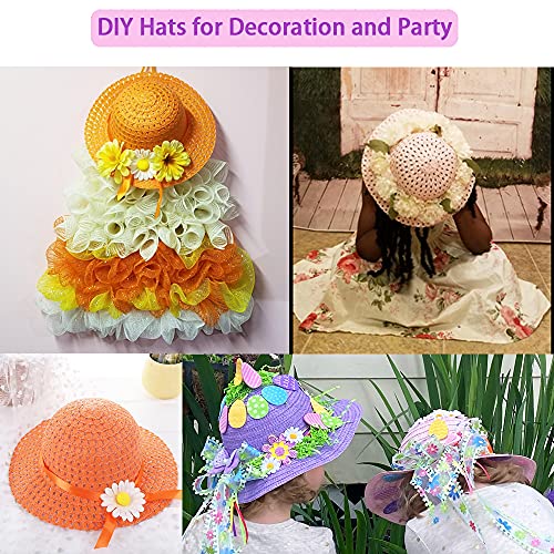AIYUENCICI Tea Party Straw Hat 6 Girls Hats with Bracelet for Kids Dress Up Party Supplies 3
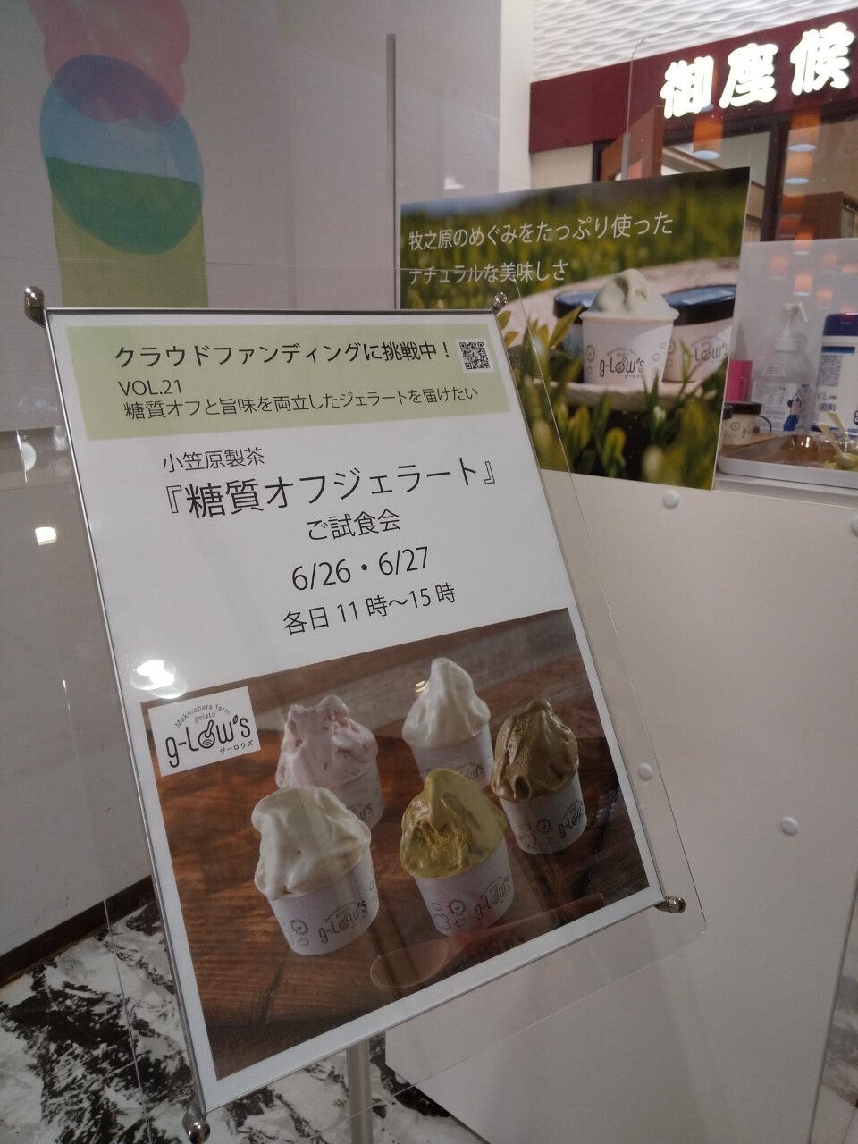 さて、昨日、一昨日の二日間、松坂屋静岡店様にて、糖質オフジェラート「g-Low's」の試食会を開催させていただきました。「私も糖質制限をしているよ」「私は牧之原出身だよ」など、お声を掛けていただき、とても嬉しかったです。また、直接、皆様のご意見やご感想を聞くことができ、とても勉強になりました。一つ、一つの貴重なご意見を次へ活かせるよう頑張ります!
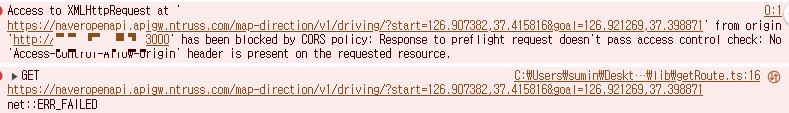CORS 에러(No 'Access-Control-Allow-Origin' header)가 발생했습니다. 에러 메시지에도 나와있듯이 로컬 주소인 3000번 포트에서 naveropenapi로 리소스를 요청했으니 당연한 결과입니다!
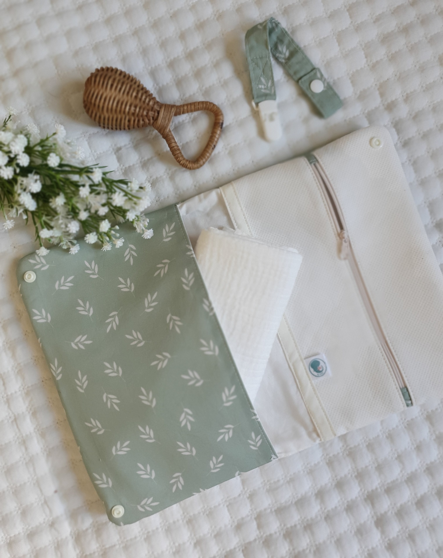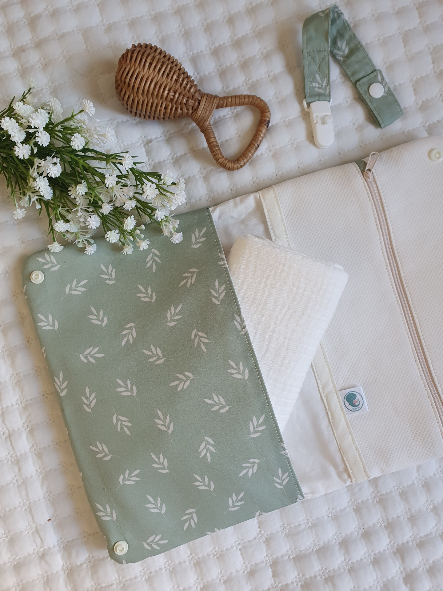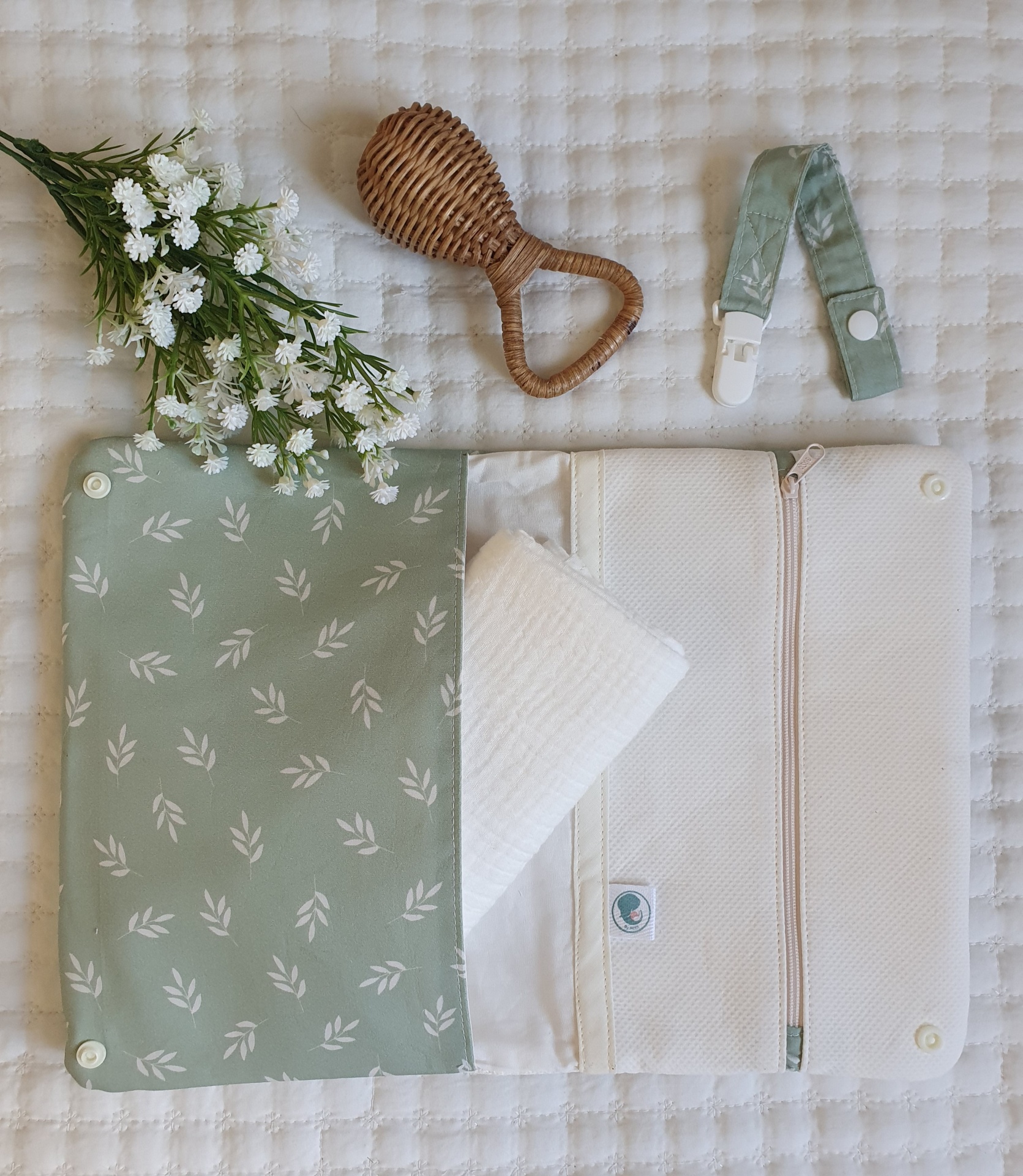Bolsa para fraldas e toalhitas Primavera verde seco 26,00 € Desconto de %. Partilhar Comprar Contactar Bolsa muito prática para levar as fraldas e toalhitas para qualquer lado e facilitar a mudança da fralda. Com dois bolsos laterais. Um dos bolsos com fecho zipper e impermeável para não deixar secar as toalhitas, nem molhar a bolsa. Feito com tecidos 100% algodão. Medidas: 25x18cm Tags Verdefloralflorestoalhitasfraldasbolsa Características

____________________

- Problem requirements
Output the complete listing exactly. Pictures stay out.

- Task output
AIYUENCICI Tea Party Straw Hat 6 Girls Hats with Bracelet for Kids Dress Up Party Supplies 3
 さて、昨日、一昨日の二日間、松坂屋静岡店様にて、糖質オフジェラート「g-Low's」の試食会を開催させていただきました。「私も糖質制限をしているよ」「私は牧之原出身だよ」など、お声を掛けていただき、とても嬉しかったです。また、直接、皆様のご意見やご感想を聞くことができ、とても勉強になりました。一つ、一つの貴重なご意見を次へ活かせるよう頑張ります!
CORS 에러(No 'Access-Control-Allow-Origin' header)가 발생했습니다. 에러 메시지에도 나와있듯이 로컬 주소인 3000번 포트에서 naveropenapi로 리소스를 요청했으니 당연한 결과입니다!
Bolsa para fraldas e toalhitas Primavera verde seco 26,00 € Desconto de %. Partilhar Comprar Contactar Bolsa muito prática para levar as fraldas e toalhitas para qualquer lado e facilitar a mudança da fralda. Com dois bolsos laterais. Um dos bolsos com fecho zipper e impermeável para não deixar secar as toalhitas, nem molhar a bolsa. Feito com tecidos 100% algodão. Medidas: 25x18cm Tags Verdefloralflorestoalhitasfraldasbolsa Características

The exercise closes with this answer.